Exercise directions ::
Write the listing below out again word for word, without a single picture.

[Given information — start]

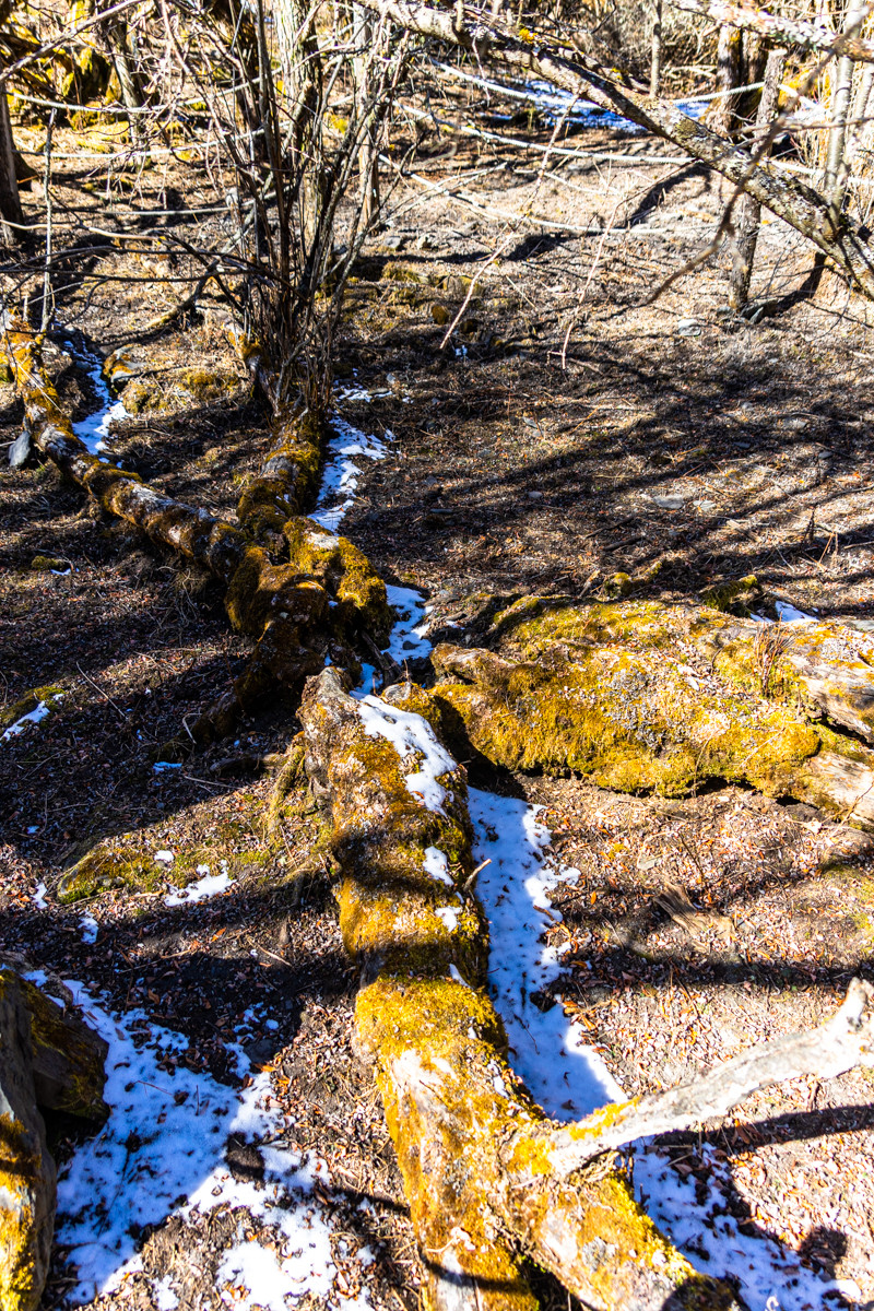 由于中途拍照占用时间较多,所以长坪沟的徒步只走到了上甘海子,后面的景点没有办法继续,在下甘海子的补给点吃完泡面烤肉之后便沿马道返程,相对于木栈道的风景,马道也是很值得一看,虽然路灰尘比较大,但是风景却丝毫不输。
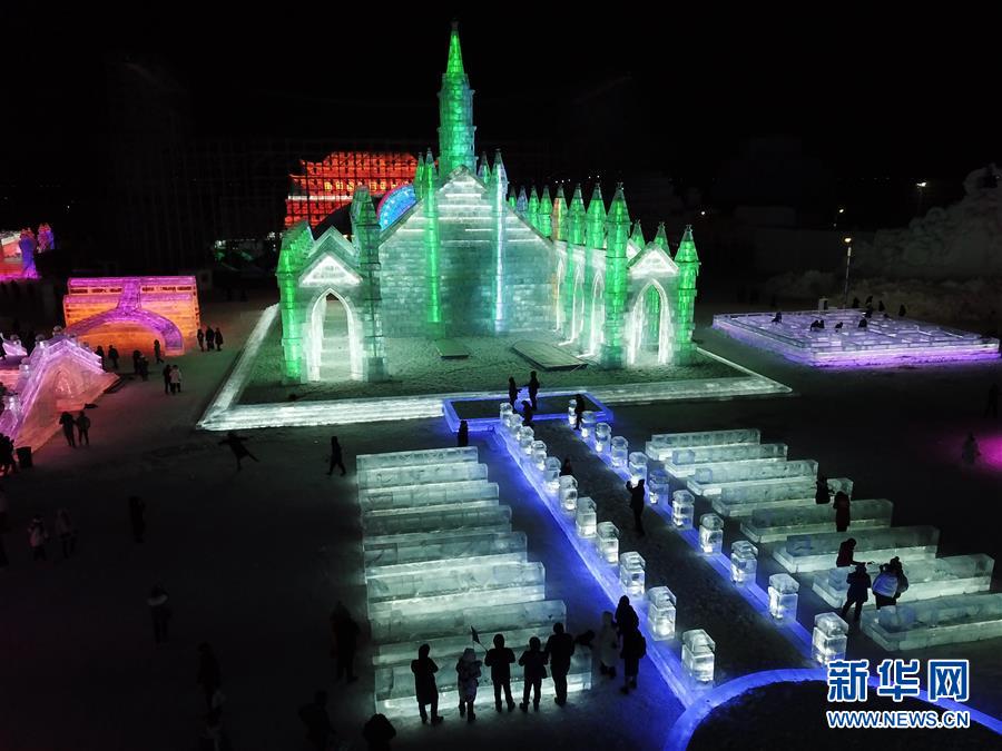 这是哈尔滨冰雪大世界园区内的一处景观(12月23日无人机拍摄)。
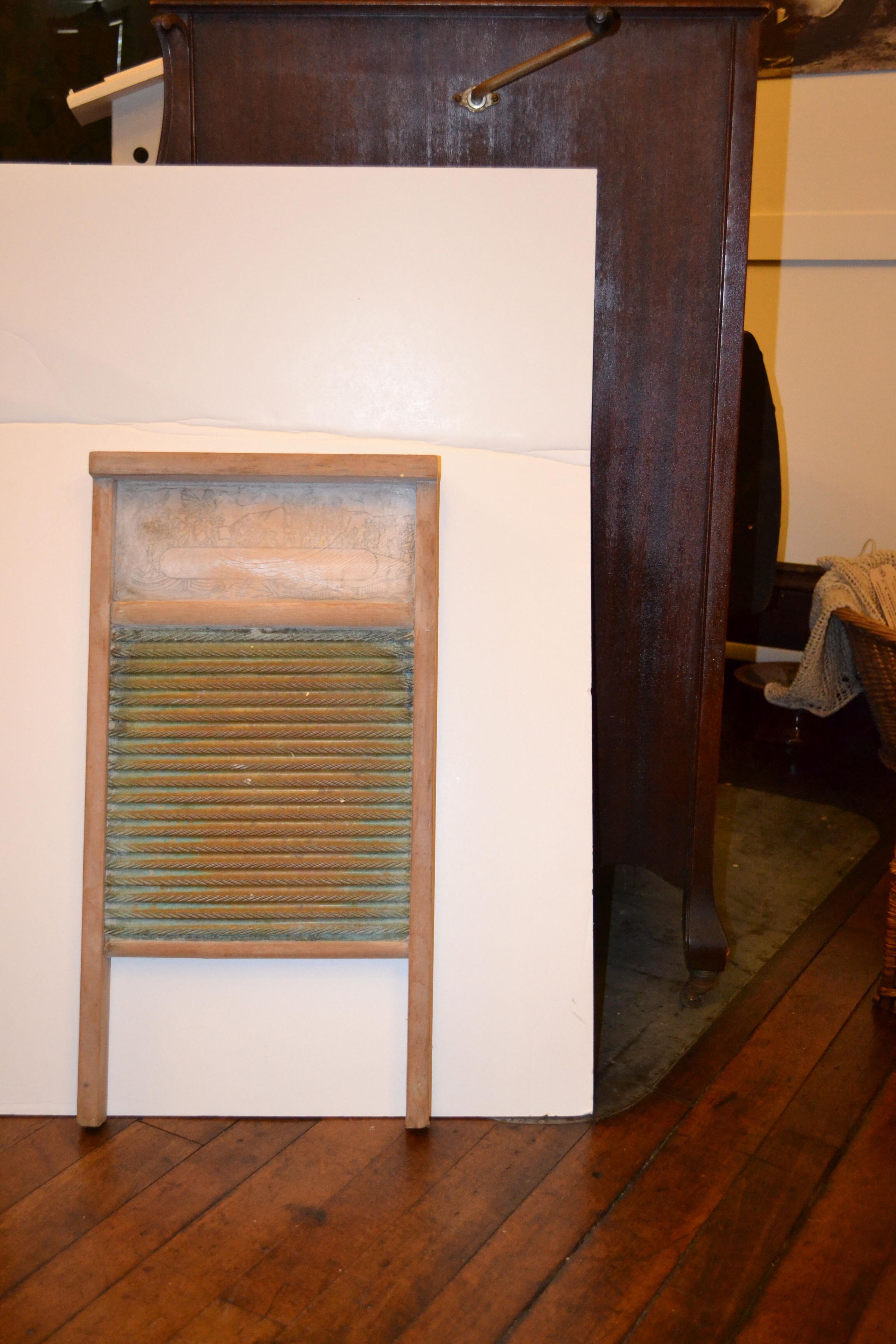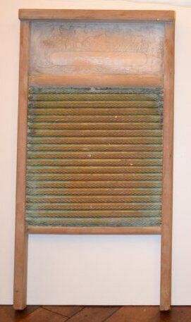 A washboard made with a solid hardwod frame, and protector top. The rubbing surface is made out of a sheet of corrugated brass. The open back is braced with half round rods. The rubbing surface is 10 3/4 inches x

[Given information — finish]

Result of this task ::
 由于中途拍照占用时间较多,所以长坪沟的徒步只走到了上甘海子,后面的景点没有办法继续,在下甘海子的补给点吃完泡面烤肉之后便沿马道返程,相对于木栈道的风景,马道也是很值得一看,虽然路灰尘比较大,但是风景却丝毫不输。
 这是哈尔滨冰雪大世界园区内的一处景观(12月23日无人机拍摄)。
 A washboard made with a solid hardwod frame, and protector top. The rubbing surface is made out of a sheet of corrugated brass. The open back is braced with half round rods. The rubbing surface is 10 3/4 inches x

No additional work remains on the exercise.